COMMON SPLENDOR INTERNATIONAL HEALTH INDUSTRY GROUP LIMITED (formerly named G-Prop (Holdings) Limited) (Incorporated in Bermuda with limited liability) (Stock Code: 286) SHARE TRANSACTION PROPOSED SUBSCRIPTION OF 52% SHARES IN MULTI TALENT LIMITED IN RELATION TO THE INVESTMENT AND RESTRUCTURING OF THE HEALTHY FAST FOOD ELECTRONIC COMMERCE BUSINESS RESUMPTION OF TRADING THE ACQUISITION

The Board is pleased to announce that on 6 January 2014, the Company, Billion High, Ms. Liu, Bonus Income, Jun Fu and the Other Contracting Parties entered into the Agreement, pursuant to which, among other things, the Company had conditionally agreed to subscribe for the Subscription Shares, representing approximately 52% of the issued share capital of the Target Company upon Completion, at a consideration of approximately HK$54,215,649, which will be satisfied partly by cash and partly by the allotment and issue of the Consideration Shares under the General Mandate.

LISTING RULES IMPLICATIONS

As each of the applicable percentage ratios in respect of the Acquisition is less than 5% and the Consideration includes the issue of the Consideration Shares, the Acquisition constitutes a share transaction under the Listing Rules for the Company and is therefore subject to notification, reporting and announcement requirements under Chapter 14 of the Listing Rules.

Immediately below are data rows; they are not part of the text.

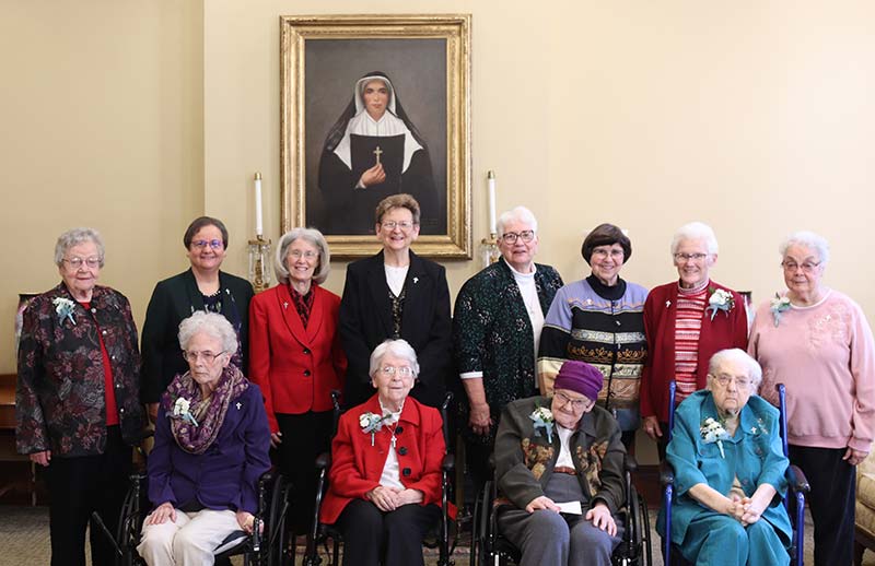 Sister celebrating 70 years with the Congregation this year included (front, from left) Sister Ann-Margaret O’Hara, Sister Margaret Quinlan, Sister Suzanne Dailey and Sister Mary Ann Phelan along with (back, left) Sister Alice Ann Rhinesmith and (back, second from right and far right) Sister Jean Fuqua and Sister Ann Matilda Holloran. They are photographed with (back, second from left) General Councilor Sister Anne Therese Falkenstein, Vicar/General Treasurer Sister Jeanne Hagelskamp, General Superior Sister Dawn Tomaszewski, and General Councilors Sister Laura Parker and Sister Carole Kimes. Not photographed: Sister Josephine Bryan.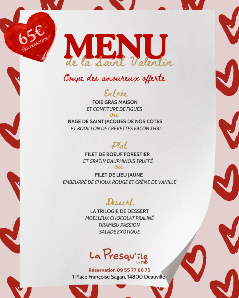À La Presqu’île, restaurant à Deauville, notre menu maison met en valeur les produits frais et de saison. Chaque plat reflète la richesse du marché local pour une expérience gourmande et authentique.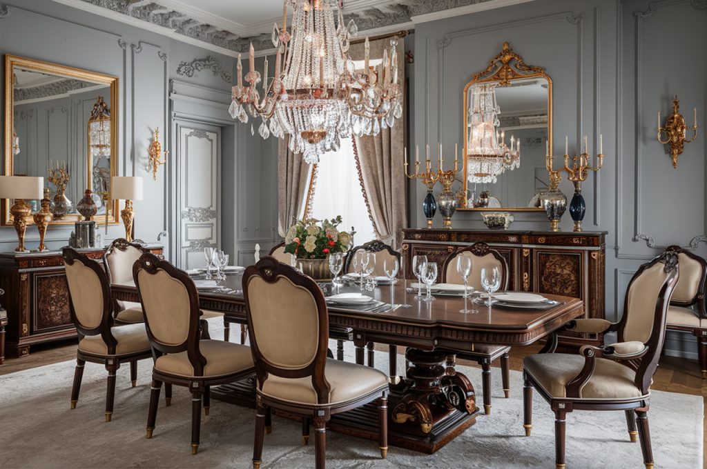Rich, dark wood furniture is a hallmark of Victorian design. Mahogany, walnut, and oak dining tables with carved legs and intricate detailing create an air of sophistication. Pair them with matching sideboards or display cabinets to showcase fine china and silverware. High-backed dining chairs with plush upholstery in velvet or brocade fabrics add to the traditional feel. A polished wood dining set instantly transports the room to another era while offering durability and classic appeal.

Shareholders and potential investors of the Company should be aware that Completion is subject to the satisfaction (or waiver, where applicable) of various conditions on or before the date of Completion and therefore Completion may or may not take place. Shareholders and potential investors of the Company should exercise caution when dealing in the securities of the Company.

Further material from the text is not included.